Exercise details: Omitting the pictures, print every line below exactly as it stands.

== Recorded data ==

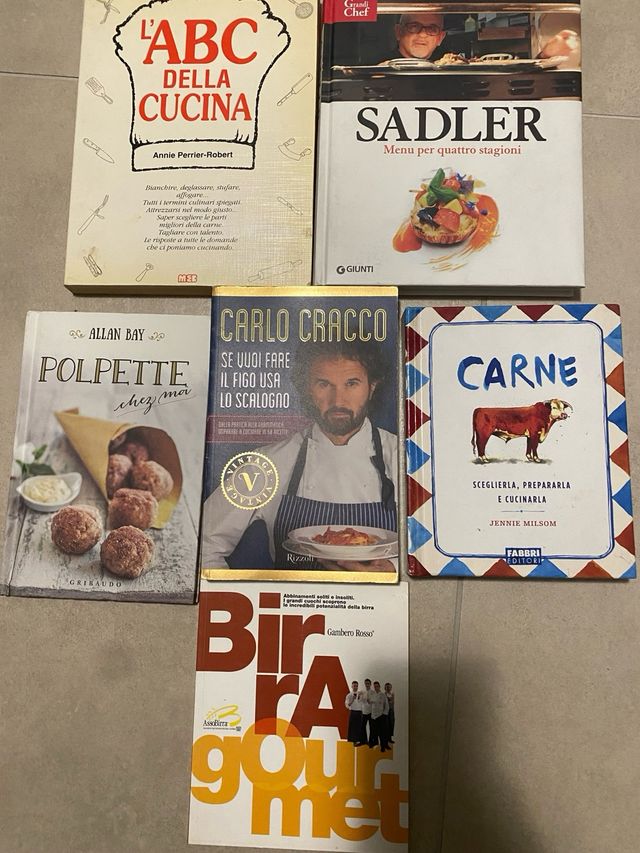 6 libri di cucina di grandi chef/giornalisti: cracco, allan bay, sadler, jennie milson, gmbero rosso e annie perrier-robert 2€ a libro, 10€ tutti
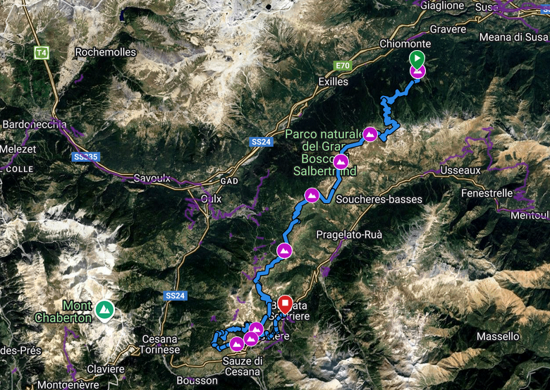 Die Strasse verläuft fast vollständig auf über 2400 Meter H.ü.M und führt entlang des Kamms, der das Val Chisone und das Val Susa trennt, und quert mehrere Bergpässe, welche die beiden Täler verbinden.
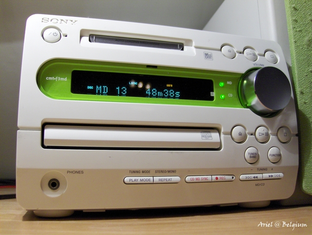 我有一台陪伴著我很多年的白色Sony CD/MD音響,它擁有MD/CD對錄的功能,當時也是因為這個功能,讓我非常喜愛;音箱的音質,也表現非常細膩。喜歡聽音樂的我,這台Sony音響,於是就成了我的最愛。當初,因為有MD/CD對錄功能,可以將市面上銷售的學英文的CD片,轉錄到較小型的MD上,讓三年前還在台北上班當捷運公車族的我,可以帶著邊走邊聽學英文。另外,回到家後,也會不斷播放英文語言CD與廣播,來刺激我的英文聽力。
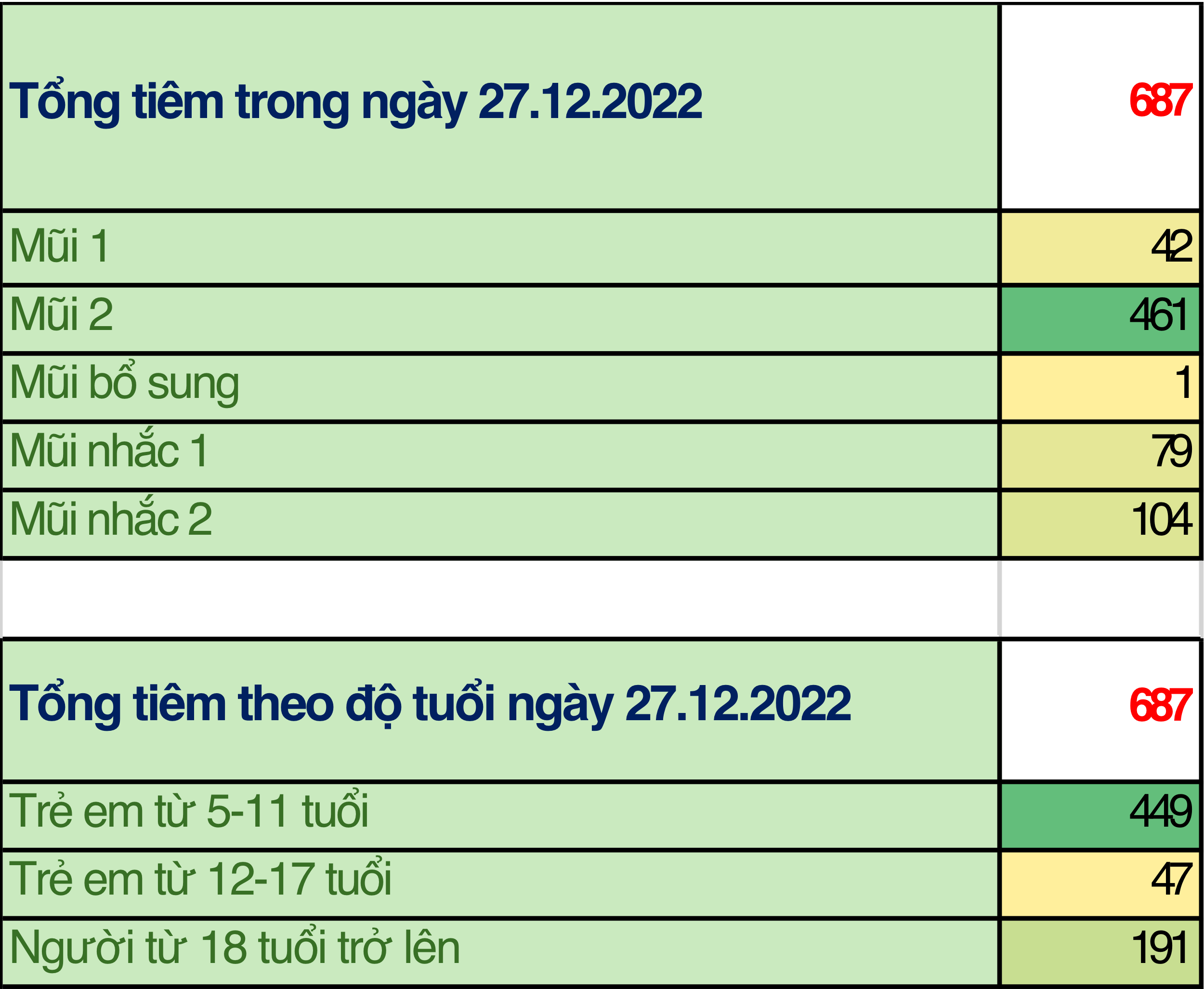 Trong ngày 27/12/2022 toàn thành phố đã tiêm được 687 mũi tiêm, bao gồm 42 mũi 1; 461 mũi 2; 1 mũi bổ sung; 79 mũi nhắc lần 1; 104 mũi nhắc lần 2 tại 34 điểm tiêm.Trong đó: người từ 18 tuổi trở lên đã tiêm được 191 mũi (28%); trẻ từ 12 đến dưới 18 tuổi: đã tiêm được 47 mũi (7%); trẻ từ 05 đến dưới 12 tuổi: đã tiêm được 449 mũi (65%).
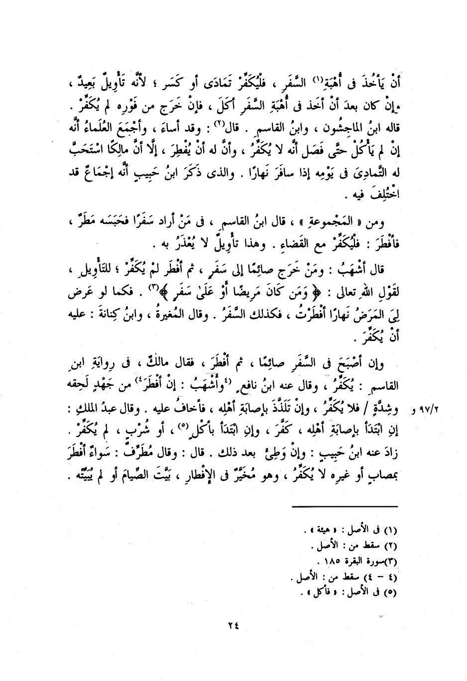 قال أشهب: ومَن خرج صائماً على سفر، ثم أفطر لم يُكفِّرْ، للتأويل، لقول الله تعالى: {وَمَنْ كَانَ مَرِيضًا أَوْ عَلَى سَفَرٍ} (¬3). فكما لو عرض ليَ المرضُ نهاراً أفْطَرْتُ، فكذلك السفر. وقال المغيرة، وابن كنانةَ: عليه أنْ يُكَفِّرَ.

===

Answer for the task:
 6 libri di cucina di grandi chef/giornalisti: cracco, allan bay, sadler, jennie milson, gmbero rosso e annie perrier-robert 2€ a libro, 10€ tutti
 Die Strasse verläuft fast vollständig auf über 2400 Meter H.ü.M und führt entlang des Kamms, der das Val Chisone und das Val Susa trennt, und quert mehrere Bergpässe, welche die beiden Täler verbinden.
 我有一台陪伴著我很多年的白色Sony CD/MD音響,它擁有MD/CD對錄的功能,當時也是因為這個功能,讓我非常喜愛;音箱的音質,也表現非常細膩。喜歡聽音樂的我,這台Sony音響,於是就成了我的最愛。當初,因為有MD/CD對錄功能,可以將市面上銷售的學英文的CD片,轉錄到較小型的MD上,讓三年前還在台北上班當捷運公車族的我,可以帶著邊走邊聽學英文。另外,回到家後,也會不斷播放英文語言CD與廣播,來刺激我的英文聽力。
 Trong ngày 27/12/2022 toàn thành phố đã tiêm được 687 mũi tiêm, bao gồm 42 mũi 1; 461 mũi 2; 1 mũi bổ sung; 79 mũi nhắc lần 1; 104 mũi nhắc lần 2 tại 34 điểm tiêm.Trong đó: người từ 18 tuổi trở lên đã tiêm được 191 mũi (28%); trẻ từ 12 đến dưới 18 tuổi: đã tiêm được 47 mũi (7%); trẻ từ 05 đến dưới 12 tuổi: đã tiêm được 449 mũi (65%).
 قال أشهب: ومَن خرج صائماً على سفر، ثم أفطر لم يُكفِّرْ، للتأويل، لقول الله تعالى: {وَمَنْ كَانَ مَرِيضًا أَوْ عَلَى سَفَرٍ} (¬3). فكما لو عرض ليَ المرضُ نهاراً أفْطَرْتُ، فكذلك السفر. وقال المغيرة، وابن كنانةَ: عليه أنْ يُكَفِّرَ.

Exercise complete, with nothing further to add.